Ascertaining binaries for: ffmpeg.


In [5]:
%tensorflow_version 1.x
from __future__ import print_function
import io
import string
import numpy as np
import PIL
import base64
from glob import glob

import matplotlib.pylab as pl

import tensorflow as tf
from tensorflow.contrib import slim

from IPython.display import clear_output, Image, display, HTML

import moviepy.editor as mpy
from moviepy.video.io.ffmpeg_writer import FFMPEG_VideoWriter


from google.colab import files

TensorFlow 1.x selected.


In [6]:
from lucid.modelzoo import vision_models
from lucid.misc.io import show, save, load
from lucid.optvis import objectives
from lucid.optvis import render
from lucid.misc.tfutil import create_session

In [7]:
model = vision_models.InceptionV1()
model.load_graphdef()













## Setting up the CPPN 

In [8]:
def composite_activation(x):
  x = tf.atan(x)
  # Coefficients computed by:
  #   def rms(x):
  #     return np.sqrt((x*x).mean())
  #   a = np.arctan(np.random.normal(0.0, 1.0, 10**6))
  #   print(rms(a), rms(a*a))
  return tf.concat([x/0.67, (x*x)/0.6], -1)


def composite_activation_unbiased(x):
  x = tf.atan(x)
  # Coefficients computed by:
  #   a = np.arctan(np.random.normal(0.0, 1.0, 10**6))
  #   aa = a*a
  #   print(a.std(), aa.mean(), aa.std())
  return tf.concat([x/0.67, (x*x-0.45)/0.396], -1)

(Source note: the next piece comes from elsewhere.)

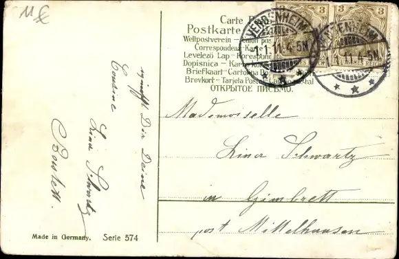 Zustand, siehe Scan, gelaufen, 1911 - ca 14 cm X 9 cm

def composite_activation_sin(x):
  x = tf.sin(x)
  # Coefficients computed by:
  #   a = np.arcsin(np.random.normal(0.0, 1.0, 10**6))
  #   aa = a*a
  #   print(a.std(), aa.mean(), aa.std())
  return tf.concat([x/0.631, (x*x)/0.616], -1)
  #   return tf.concat([x/0.63, (x*x-0.4)/0.47], -1)


def relu_normalized(x):
  x = tf.nn.relu(x)
  # Coefficients computed by:
  #   a = np.random.normal(0.0, 1.0, 10**6)
  #   a = np.maximum(a, 0.0)
  #   print(a.mean(), a.std())
  return (x-0.40)/0.58


def image_cppn(
    size,
    num_output_channels=3,
    num_hidden_channels=24,
    num_layers=8,
    activation_fn=composite_activation,
    normalize=False):
  r = 3.0**0.5  # std(coord_range) == 1.0
  coord_range = tf.linspace(-r, r, size)
  y, x = tf.meshgrid(coord_range, coord_range, indexing='ij')
  net = tf.expand_dims(tf.stack([x, y], -1), 0)  # add batch dimension

  with slim.arg_scope([slim.conv2d], kernel_size=1, activation_fn=None):
    for i in range(num_layers):
      in_n = int(net.shape[-1])
      net = slim.conv2d(
          net, num_hidden_channels,
          # this is untruncated version of tf.variance_scaling_initializer
          weights_initializer=tf.random_normal_initializer(0.0, np.sqrt(1.0/in_n)),
      )
      if normalize:
        net = slim.instance_norm(net)
      net = activation_fn(net)

    rgb = slim.conv2d(net, num_output_channels, activation_fn=tf.nn.sigmoid,
                      weights_initializer=tf.zeros_initializer())
  return rgb

Estimating the number of parameters of CPPN.

In [9]:
with tf.Graph().as_default():
  image_cppn(224)
  variables = tf.get_collection('variables')
  param_n = sum([v.shape.num_elements() for v in variables])
  print('CPPN parameter count:', param_n)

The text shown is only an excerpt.